How long have you been married to your wife?

It sounds like your wife is not employed and has no money of her own. Does she have access to a joint bank account? Is that where she's getting the money from? What have you don't to end her access to money?

If she had no access to money, they scammer will go away.


----------



## mr.video (Nov 28, 2021)

EleGirl said:


> How long have you been married to your wife?
> 
> It sounds like your wife is not employed and has no money of her own. Does she have access to a joint bank account? Is that where she's getting the money from? What have you don't to end her access to money?
> 
> If she had no access to money, they scammer will go away.


18 pretty decent years of marriage. We are both retired, and both well off financially. She has used her own accounts so far. She made the mistake of telling the scammer how much money we have. This is why he's been so tenacious. Of course, he's teasing information out of her. There's already been an attack on my investment account. I've maxed out security and changed all security questions to random words.

Worst case scenario is a kidnapping and ransom demand. These scams sometimes end this way when a lot of money is involved. 

I have locked down all her money. This has spurred scammer to push her hard towards divorce.


----------



## ConanHub (Aug 9, 2013)

mr.video said:


> This is a doozy. Several months ago, wife started a chat online with a scammer pretending to be J Hope, a famous K Pop star. Somehow he convinced my wife that he (famous wealthy 27-year old pop star) is in love with my 63-year old overweight wife, and wants to marry her.
> 
> In the process, he has tricked her into sending him over $60,000. When I discovered their conversation, I could see she was trying to figure out how to send him $300,000 for a house. The conversation referred to my wife leaving me at the end of the year.
> 
> I thought it would be easy to bring her out of this delusion, but she appears immune to logic or pressure, even when I've involved other family members. I've locked down her accounts, but this has only caused the scammer to push her hard towards divorce, which is what she's doing. I've tried technical solutions, blocking email, texting etc, but they always find new ways to reconnect.


Have her committed.


----------



## Diana7 (Apr 19, 2016)

mr.video said:


> 18 pretty decent years of marriage. We are both retired, and both well off financially. She has used her own accounts so far. She made the mistake of telling the scammer how much money we have. This is why he's been so tenacious. Of course, he's teasing information out of her. There's already been an attack on my investment account. I've maxed out security and changed all security questions to random words.
> 
> Worst case scenario is a kidnapping and ransom demand. These scams sometimes end this way when a lot of money is involved.
> 
> I have locked down all her money. This has spurred scammer to push her hard towards divorce.


These awful people are ruthless. They care nothing about others misery.


----------



## Diana7 (Apr 19, 2016)

ConanHub said:


> Have her committed.


Why? I don't think people here realise how common this sort of thing is and how many ordinary people get caught up in such things. 
I heard recently that 1/4 of Nigeria's income is from scams such as this.
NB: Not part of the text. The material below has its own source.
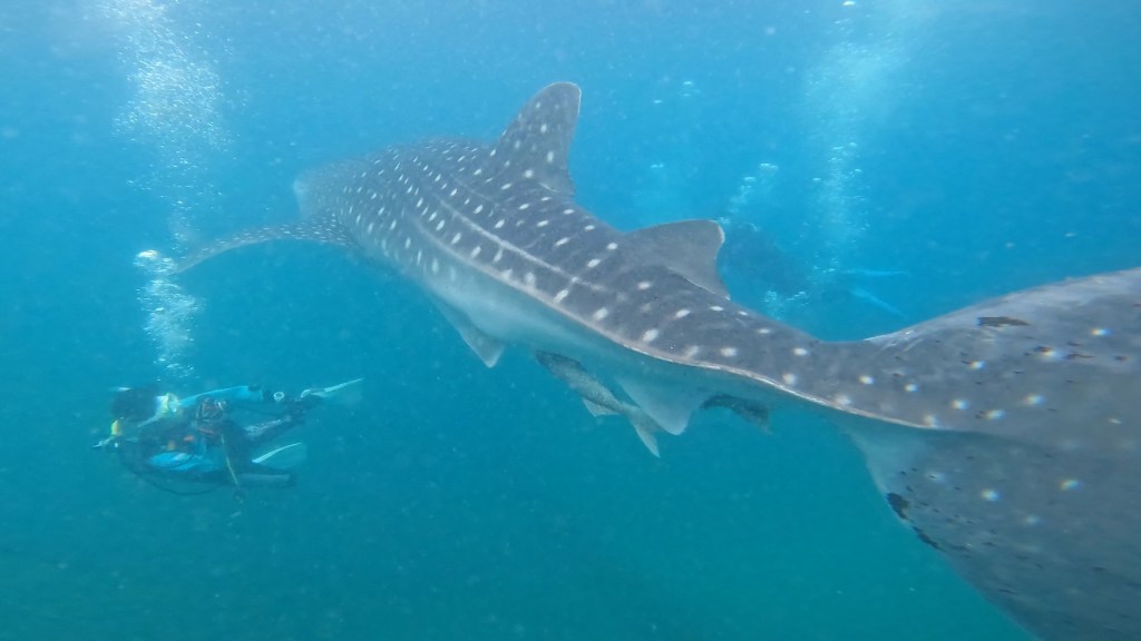 今日は、ジンベイザメと一緒に。

It's a vast problem.


----------



## Megaforce (Nov 12, 2021)

It is a testament to some folks gullibility, or, as some would say, stupidity. No rational, intelligent person would fall for this.


----------



## Tatsuhiko (Jun 21, 2016)

Use the scammer's push for divorce to convince your wife that it's the right course of action. Have one of her sons agree to be appointed guardian after her psych eval so that she's not able to piss away whatever she wins in the divorce settlement.


----------



## Diana7 (Apr 19, 2016)

Megaforce said:


> It is a testament to some folks gullibility, or, as some would say, stupidity. No rational, intelligent person would fall for this.


You clearly haven't watched any programmes about those who have fallen for romance scams. Most I have seen were rational and intelligent. These scammers pray on people when they are at low points in their lives, maybe after being widowed or divorced, and groom them. 
A recent study showed that twice as many men as women fall for these scams.


----------



## Diana7 (Apr 19, 2016)

Tatsuhiko said:


> Use the scammer's push for divorce to convince your wife that it's the right course of action. Have one of her sons agree to be appointed guardian after her psych eval so that she's not able to piss away whatever she wins in the divorce settlement.


What would she need a psych evaluation? She is being groomed. She will come out of it eventually and feel like a total fool.


----------



## Blondilocks (Jul 4, 2013)

Good grief! Just hand the woman a mirror and ask her why she thinks a 27 year old pop star would be interested in her old, fat ass. And, if he is so rich why does he need her money?

Seriously, have her compare her photo to those of 27 year old women and ask her what she thinks she has over those young women. It isn't her intelligence, for sure.


----------



## Galabar01 (Mar 20, 2019)

That $60,000 lost is dissipation of marital assets. Make sure that is included in any divorce settlement. Divorce and try to help her from the outside.


----------



## Taxman (Dec 21, 2016)

These scammers prey on the lonely and weak. I had one clean out one of my elderly clients several years ago. We reverse mortgaged her home in order to provide living expenses for the balance of her life. I was given the task of keeping this secret until she passed. I had a very uncomfortable conversation with her daughter a few weeks subsequent to her passing. I had her documents and police reports to give to some relatively shocked heirs.


----------



## Talker67 (Apr 7, 2016)

mr.video said:


> 18 pretty decent years of marriage. We are both retired, and both well off financially. She has used her own accounts so far. She made the mistake of telling the scammer how much money we have. This is why he's been so tenacious. Of course, he's teasing information out of her. There's already been an attack on my investment account. I've maxed out security and changed all security questions to random words.
> 
> Worst case scenario is a kidnapping and ransom demand. These scams sometimes end this way when a lot of money is involved.
> 
> I have locked down all her money. This has spurred scammer to push her hard towards divorce.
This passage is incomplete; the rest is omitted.